Task brief
Pictures aside, please retype the whole listing word for word.

The data
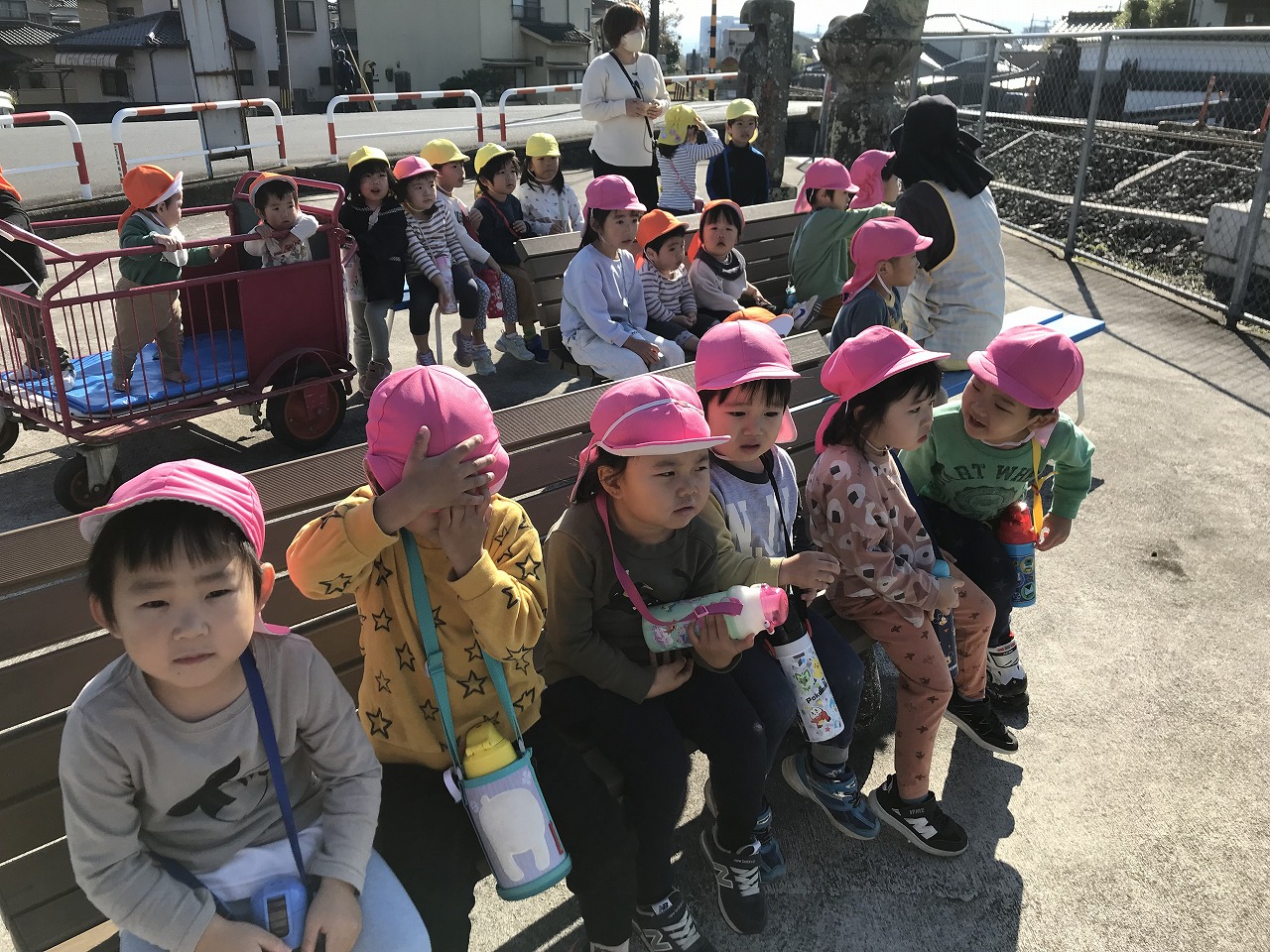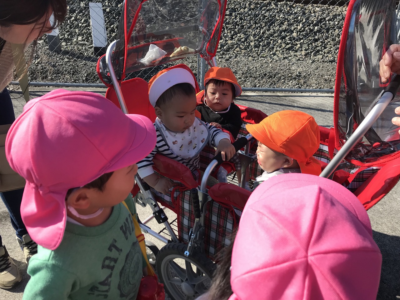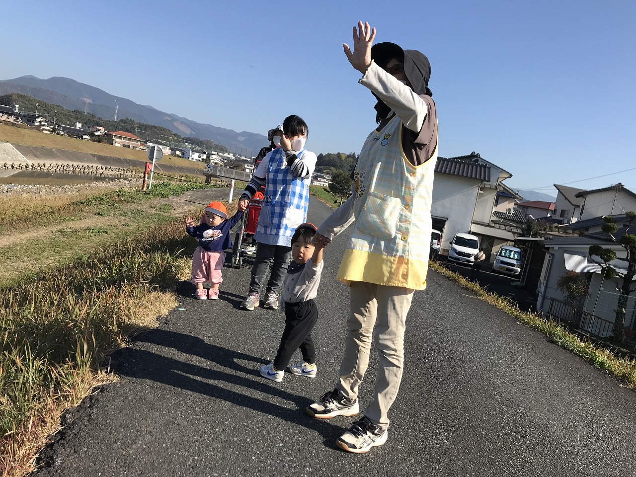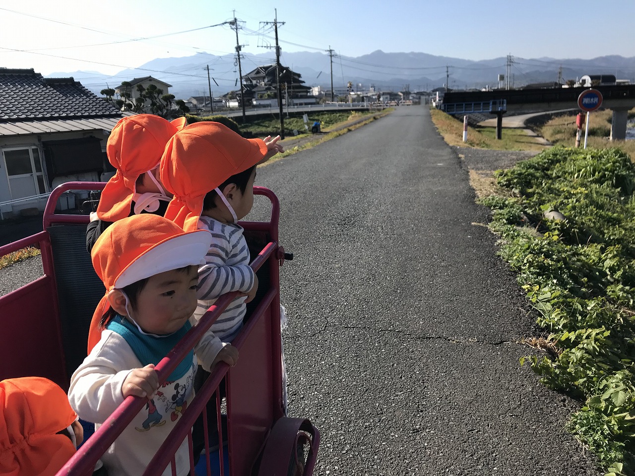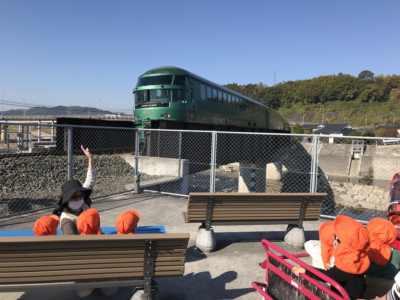 朝晩は寒いですが、日中はぽかぽか陽気でおさんぽ日和です。ひよこ組(0歳児)は汽車を見にお散歩にでかけました。散歩途中の土手もとっても気持ちが良くて、バイパスを通るトラックにも大興奮の子どもたちです。川にいるカモやサギにも気付き、「あっ!」と指差しで教えてくれます。手を振る姿がとてもかわいいです。汽車が見える広場に行くと、ちょうどゆふいんの森号が通り、運転手さんが手を振ってくれました。うめ組(3歳児)やさくら組(4歳児)もお散歩に来て、一緒に過ごし、赤い電車を見送りました。にぎやかな楽しいお散歩でした。
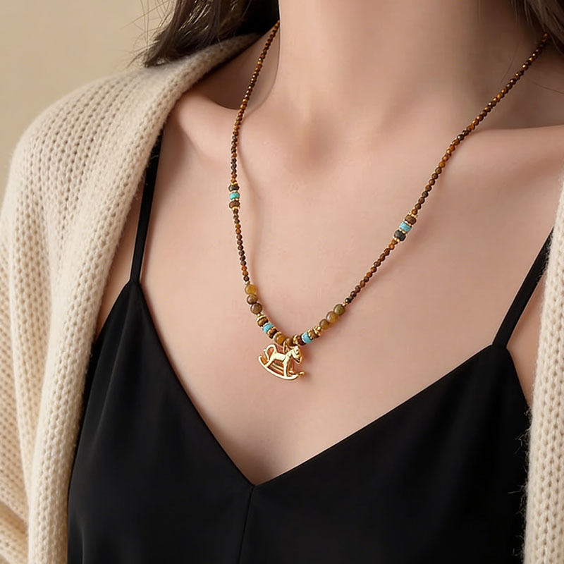 《逐风小马》金色虎眼石小马吊坠项链高级感毛衣链小众设计2026款
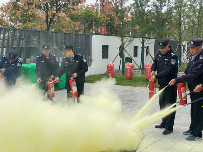 在活動現(xiàn)場,安全員向參與人員講解了如何正確使用滅火器方法和技能,總結(jié)了“提、拔、握、壓”四個步驟,并進行了使用方法的演示。保安、保潔人員輪流進行實際操作,逐步掌握滅火器的使用方法。

Answer to this task
 朝晩は寒いですが、日中はぽかぽか陽気でおさんぽ日和です。ひよこ組(0歳児)は汽車を見にお散歩にでかけました。散歩途中の土手もとっても気持ちが良くて、バイパスを通るトラックにも大興奮の子どもたちです。川にいるカモやサギにも気付き、「あっ!」と指差しで教えてくれます。手を振る姿がとてもかわいいです。汽車が見える広場に行くと、ちょうどゆふいんの森号が通り、運転手さんが手を振ってくれました。うめ組(3歳児)やさくら組(4歳児)もお散歩に来て、一緒に過ごし、赤い電車を見送りました。にぎやかな楽しいお散歩でした。
 《逐风小马》金色虎眼石小马吊坠项链高级感毛衣链小众设计2026款
 在活動現(xiàn)場,安全員向參與人員講解了如何正確使用滅火器方法和技能,總結(jié)了“提、拔、握、壓”四個步驟,并進行了使用方法的演示。保安、保潔人員輪流進行實際操作,逐步掌握滅火器的使用方法。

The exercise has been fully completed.